# Cemented gold?



## cly9412 (Jan 1, 2012)

What will gold look like if it is cemented by base metals.Or if useing sodium nitrate and everything was not dissolved by not adding enough sodium nitrate.What would the cemented gold look like.


----------



## Geo (Jan 1, 2012)

cemented gold normally looks very dark,even black because of the impurities.


----------



## Dr. Poe (Jan 1, 2012)

Depending on temperature and concentration, finely divided precipitates of gold range in color from golden brown (Hot and concentrated) to black (cold and/or diluted). Cemented gold on zinc, or steel wool is black. Under the microscope at a high enough power, the black appears as golden yellow. The light source must contain a sufficient amount of yellow. LCD lights do not. Gold appears as a greenish gray under the microscope with LCD lighting. Rust colored gold precipitates are common from hot solutions of gold tri-chloride-HCl brought down with ferrous sulfate. Gold remnants from nitric acid are also often rust colored. Black, blue, mauve purple, brown, are the most common colors. Take a look at Butcher's balls, his method of washing and coagulation is desirably classic. There's no doubt at what you are looking. It's what we all wish every gold drop would look. Dr. Poe


----------



## jimdoc (Jan 1, 2012)

Dr. Poe said:


> Take a look at Butcher's balls, his method of washing and coagulation is desirably classic. Dr. Poe



:shock: :shock: :shock:


----------



## Palladium (Jan 1, 2012)

jimdoc said:


> Dr. Poe said:
> 
> 
> > Take a look at Butcher's balls, his method of washing and coagulation is desirably classic. Dr. Poe
> ...





Dr. Poe said:


> Black, blue, mauve purple, brown, are the most common colors



:mrgreen:


----------



## Smack (Jan 1, 2012)

hehe


----------



## cly9412 (Jan 2, 2012)

jimdoc said:


> Dr. Poe said:
> 
> 
> > Take a look at Butcher's balls, his method of washing and coagulation is desirably classic. Dr. Poe
> ...


Where do I find Butcher's balls.I searched but no results?


----------



## slickdogg (Jan 2, 2012)

ha...ha :lol:


----------



## rewalston (Jan 2, 2012)

Dang Butcher, you should really have that checked out.


----------



## Dr. Poe (Jan 2, 2012)

cly9412 said:


> jimdoc said:
> 
> 
> > Dr.

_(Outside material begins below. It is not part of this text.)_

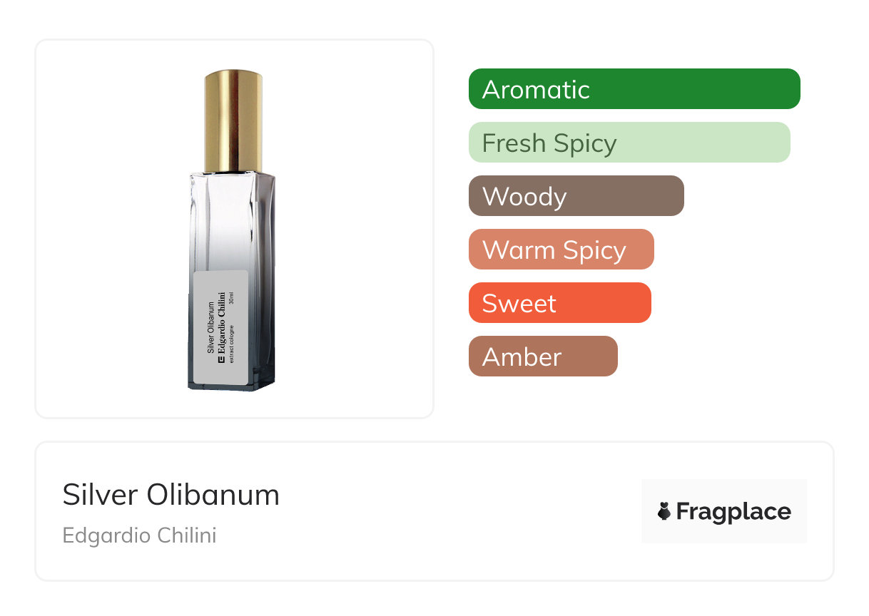 Edgardio ChiliniのSilver Olibanumは2012年にリリースされました。 この作品を手がけた調香師はSergey Karovです。 アーモンド, アマレット, アンジェリカ, バジル, ベイリーフ, ベルガモット, デイジー, ディル, エンシアン, ガランガ, クチナシ, ゼラニウム, ジンジャー, ハニー, レモンバーム, マンダリンオレンジ, ミント, ネロリ, ナイジェラ, オレンジ, パピルス, ペッパー, プチグレイン, パイナップル, ローズマリー, セージ, and タイムのトップノート, アルテミシア, バーチ・タール, カルダモン, クローブ, スグリの葉と蕾, モミ, ゼラニウム, アイリス, ジャスミン, ラベンダー, マートル, ナツメグ, ピンクペッパー, ローズ, and サフランのミドルノート, and 沈香(ウード), アンバー, ベンゾイン, キャラメル, カシミアウッド, カストレアム, シダーウッド, ダークチョコレート, ラブダナム, レザー, マスク, オークモス, オリバナム(乳香), パチョリ, 松の木, サンダルウッド, スタイラックス, タバコ, トル・バルサム, トンカ豆, バニラ, and ベチバーのベースノートを持っています。

Poe said:
> ...


Here it is:

Re: Doing AuCl+SMB Precipitation in a Crucible
How I handle my washed powders, (by Butcher)
After washing well in my reaction vessel.

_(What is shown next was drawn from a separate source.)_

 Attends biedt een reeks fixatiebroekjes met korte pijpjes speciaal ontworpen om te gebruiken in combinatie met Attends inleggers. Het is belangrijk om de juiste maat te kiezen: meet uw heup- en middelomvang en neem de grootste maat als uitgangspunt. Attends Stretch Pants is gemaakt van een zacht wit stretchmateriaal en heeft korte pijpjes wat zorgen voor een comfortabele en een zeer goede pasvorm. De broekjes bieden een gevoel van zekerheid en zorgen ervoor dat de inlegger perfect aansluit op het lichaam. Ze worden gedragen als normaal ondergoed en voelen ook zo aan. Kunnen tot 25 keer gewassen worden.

The powders are transferred to small clean glass jar (amount of powder determines size with extra room for more washing solution) (the jar is weighed dry, weight written on lid for later reference when weighing dry powder).

The wet gold powder is transferred using a spray bottle from the reaction pot to this small clean jar.

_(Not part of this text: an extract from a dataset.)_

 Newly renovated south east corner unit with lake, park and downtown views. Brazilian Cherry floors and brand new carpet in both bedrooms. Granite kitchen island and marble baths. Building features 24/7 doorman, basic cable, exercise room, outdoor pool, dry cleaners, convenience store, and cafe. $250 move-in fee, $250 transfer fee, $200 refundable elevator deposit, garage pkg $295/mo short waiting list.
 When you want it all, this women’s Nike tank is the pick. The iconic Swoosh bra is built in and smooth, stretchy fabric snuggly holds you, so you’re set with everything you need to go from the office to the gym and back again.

This small jar is set on coffee mug warmer (small heating plate warmer), here I can do some more washing, of the powders, decanting solutions (after settling) with a pipette (small eye dropper), after I am satisfied with washing, I pipette out water till only very small amount remains this will evaporate on heating,

Before powders completely dry I will pick up small jar in one hand and bang it against the palm heel of my other hand, this will make gold form balls (may need to be done a couple of times during drying process), (this will also collect what gold that would may stick to jar normally).

When balls are dry they can be transferred easily to melting dish (or can be crushed to powder if I prefer another refining).


----------



## patnor1011 (Jan 2, 2012)

He who laughs last, laughs best.
Congrats Dr. you got`em :lol:


----------



## glondor (Jan 2, 2012)

Hmmmm My balls kinda look like cheeto's. :lol: 






Brown ones ready for cooking....





purplish ones....





kinda loose ones....


----------



## Geo (Jan 2, 2012)

glondor said:


> Hmmmm My balls kinda look like cheeto's. :lol:



nom noms, pass the bag :mrgreen:


----------



## Dr. Poe (Jan 2, 2012)

Beautiful! But somebody should show cly9412 the black gold. 8)


----------



## kuma (Jan 25, 2012)

Hello all , how are tricks?
I hope all is well!



Dr. Poe said:


> Beautiful! But somebody should show cly9412 the black gold. 8)



I've just had a brief look around and found this image of black Au precipitate from the cell during a rinse ;

http://goldrefiningforum.com/phpBB3/viewtopic.php?f=49&t=7093#p63697

And this image of dried powder from the cell ;

http://goldrefiningforum.com/phpBB3/viewtopic.php?f=49&t=325&start=20#p2868

I hope that this helps!
All the best and kind regards ,
Chris :mrgreen:


----------